Damit werden die Terminal-Hersteller nicht umhinkommen, die Nutzung von beispielsweise
Smartphone plus Wallet so komfortabel wie möglich zu gestalten.
Es heißt, dass Apple bei einem Bezahlvorgang über seine Wallet bis zu 25 Basispunkte
Transaktionsanteil erhält. Warum lassen sich Kreditinstitute darauf ein?
Die zögerliche Einführung von Apple Pay in Deutschland wird von nicht wenigen Branchenkennern
mit dem Verhandlungspoker um die Transaktionsanteile in Verbindung gebracht, die Apple
von den Banken verlangt haben soll.
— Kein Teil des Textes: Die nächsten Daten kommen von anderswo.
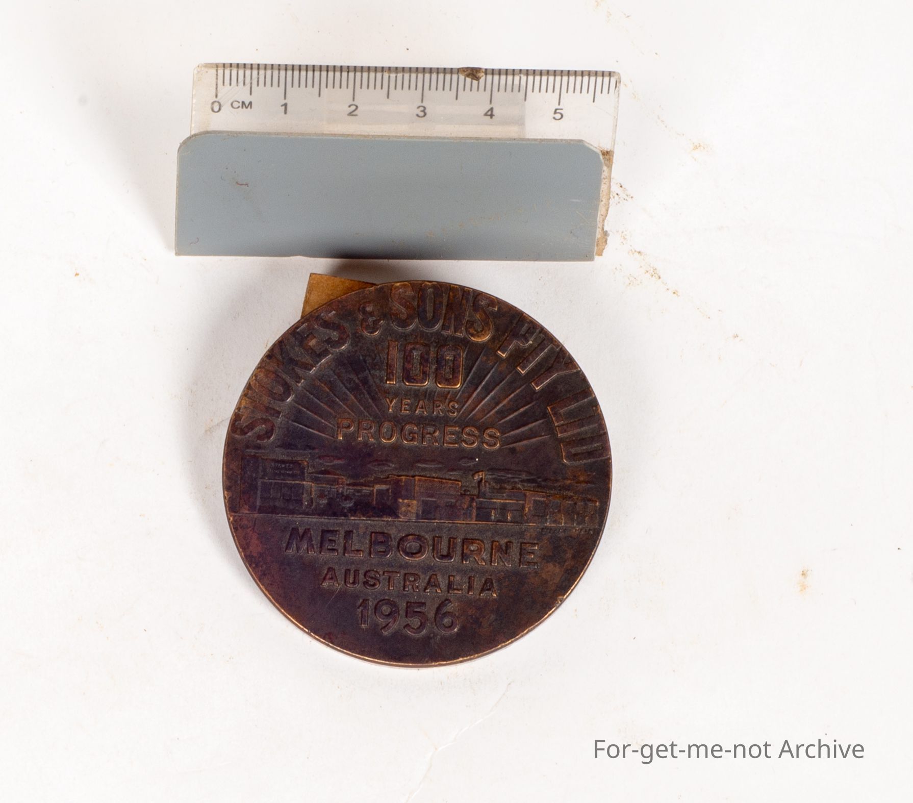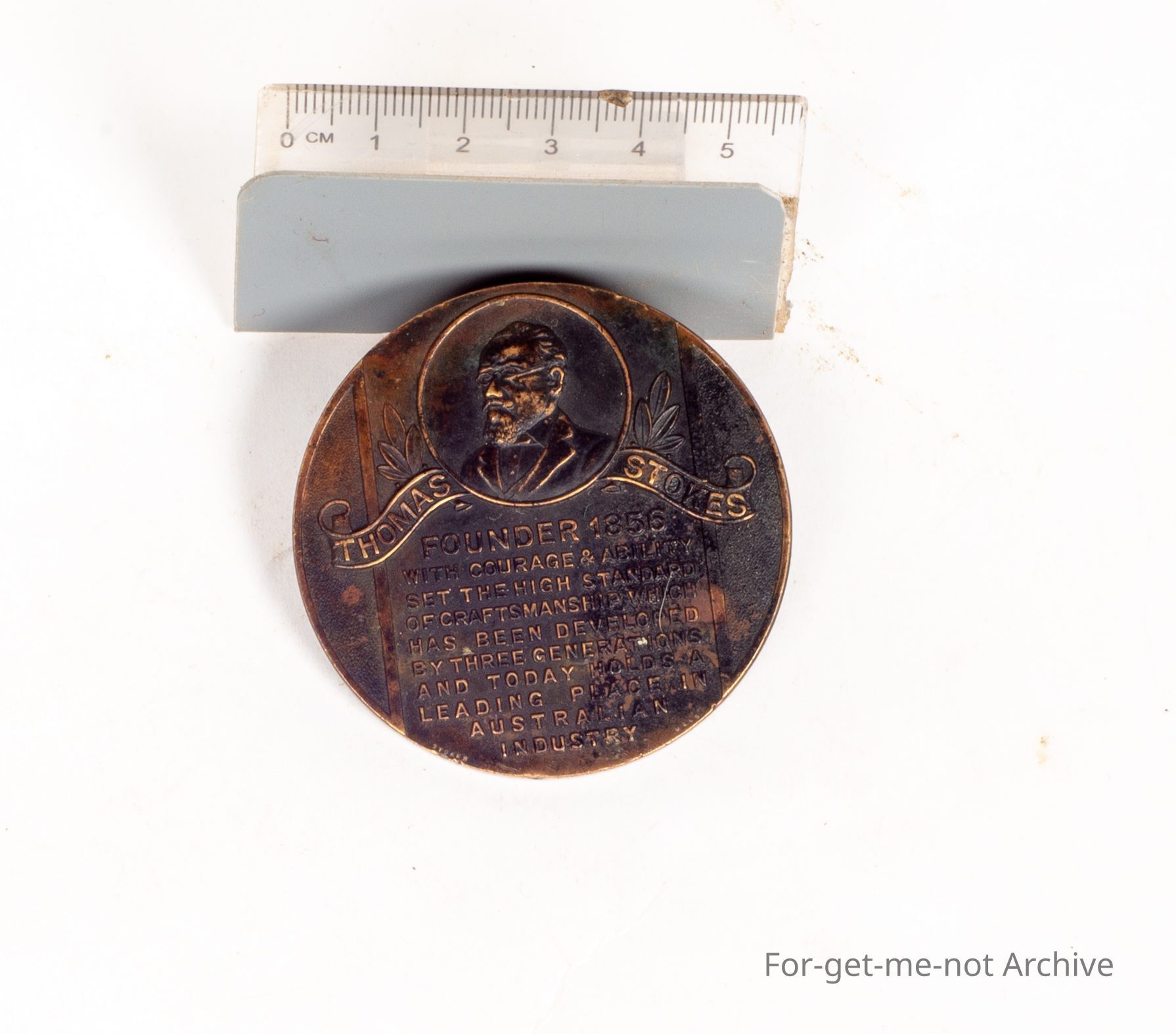 This is another, cast brass, celebratory pieces for the 100 years of Stokes and Son operating in Melbourne. This was issued in 1956. On the back is a profile of Thomas Stokes with the, brief history of his life. Another hard piece to find.Collection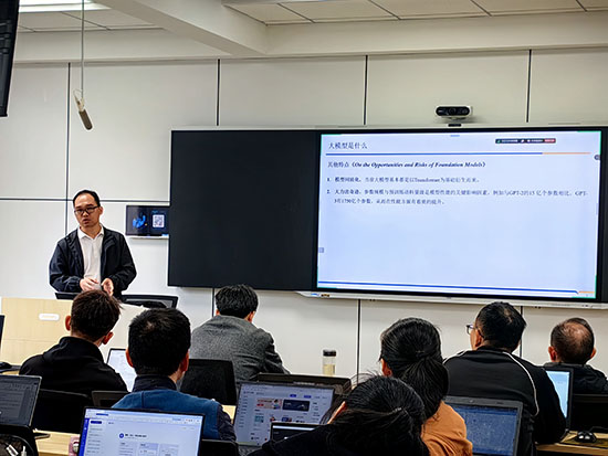 公司经理邓安远、党委书记邹国辉、党委副书记王玉伟、副经理彭虎等班子成员出席开结班仪式。邓安远在开班仪式上作动员讲话,他指出,人工智能技术飞速迭代发展,在一定程度上助推高校在人才培养、专业建设、课程设计等方面加快改革步伐,倒逼教师必须在教学内容、教学手段上进行革新。他强调,国内很多高校已经在推进人工智能通识教育、专业融合、专业整合,而公司新一轮人才培养方案也对全校计算机课程公共教学提出了改革要求。在这个人工智能技术爆炸式增长的时代背景下,作为新时代的教育工作者,每一位从事计算机专业教育工作的教师都肩负着培养下一代科技人才的重要使命。我们要敢于接受挑战,勇于拥抱新技术,并且善于将这些新技术转化为有效的教学手段,将最先进的人工智能理念和技术融入到日常教学中。希望每位教师都能充分利用这次宝贵的培训机会,深入学习AIGC及大模型相关技术,并思考如何将其有效地结合到自己今后的课堂教学、课程体系中去,创造更多具有创新性的典型教学案例,为员工提供个性化学习体验,激发员工的创新思维,提高应用型人才的培养质量。

Angesichts der geringen Margen, die kartenausgebende
Institute bei Zahlungen im Handel erwarten können, ist es doppelt schmerzlich, sie
auch noch mit einem Technologiepartner zu teilen. Die angekündigte Integration der
Sparkassen-Girocard in Apple Pay zeigt jedoch: Es muss auf beiden Seiten Einigungswillen
gegeben haben. Das ist auch kein Wunder, denn bei einer dauerhaften gegenseitigen
Blockade einer marktreifen Technologie verlieren am Ende beide Seiten - an Ansehen
und an Kunden. Ein interessanter Seitenaspekt ist, dass die Sparkassen die gerichtlich
erzwungene Öffnung der Apple-NFC-Schnittstelle nun nicht nutzen werden.